Five things I learned as an ESL teacher

In January 2018, I jumped on a flight to Vietnam to become an ESL (English as a Second Language) teacher. At this point, I had very little teaching experience and didn’t really know what was in store for me. I was nervous, I was excited and I was eager to get stuck in- a sense of enthusiasm that carried me through five months of teaching English to over 600 students.

It’s true when they say that no two days are the same as an ESL teacher; it’s frantic, invigorating, and at some points a real challenge. Who knew a classroom of 50 students could be so loud?

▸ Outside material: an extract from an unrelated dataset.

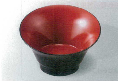
7-473-1 (50001230) ¥1,700 内朱外黒 TA

I’ve taken away so much from my time in Vietnam, but here are just five things I learned as an ESL teacher:

  • Experience isn’t essential – I was so nervous about my lack of teaching experience when I stepped into the classroom on my very first day, however it turns out that it really didn’t matter. Very few of my fellow teachers had any previous experience, and some of them went on to be the most amazing, confident and creative ESL tutors. Whether you’ve taught for 30 years or 30 minutes, it seems that the most important thing is to tackle each day with boundless enthusiasm, patience, and a good sense of humour.

 

  • Your pupils will teach you more than you can teach them – I’d always loved being around children, but it wasn’t until I became a teacher that I realised just how much there is to learn from them. Some of the students I taught practised English with so much confidence that it inspired me to try harder in my own Vietnamese language classes (…I was still rubbish), and demonstrated such perseverance that I couldn’t help being amazed every single day.

 

  • It won’t always be plain sailing – Trust me, just when you think you’ve got the hang of teaching, one of your pupils will throw such a curve ball that you’ll be lost for words. Some of these times will be positive, and others not so much.. There was the time one of my students brought his pet turtle to class in a lemonade bottle (why?!), and the time a boy of no more than eight years old wrote “f*** you teacher” on his whiteboard to let me know just how he felt about my lesson. Fab. Nevertheless, you’ll grow to handle these challenges and become a better teacher for it.

 

  • Games are your best friend – No matter what age or ability your students are, a good game will always always always save your life if your lesson plan has fallen apart (or if you’re just hoping to lighten the mood). Language games are fun, they give your lesson another dimension, and they’re a great way to reward hard-working students. They’re also a great way to encourage shyer pupils to get involved (and give you a little break from teaching the hard stuff), so they’re a win win all round.

 

  • It’s incredibly rewarding – There really is nothing like the sense of pride you feel when a student grasps a tricky tense, or the rush of excitement you get after a lesson went well. I formed such great bonds with some of my pupils and saying goodbye after five months was really, truly difficult. Of course, teaching isn’t for everyone, but I couldn’t believe how rewarding I found the whole experience.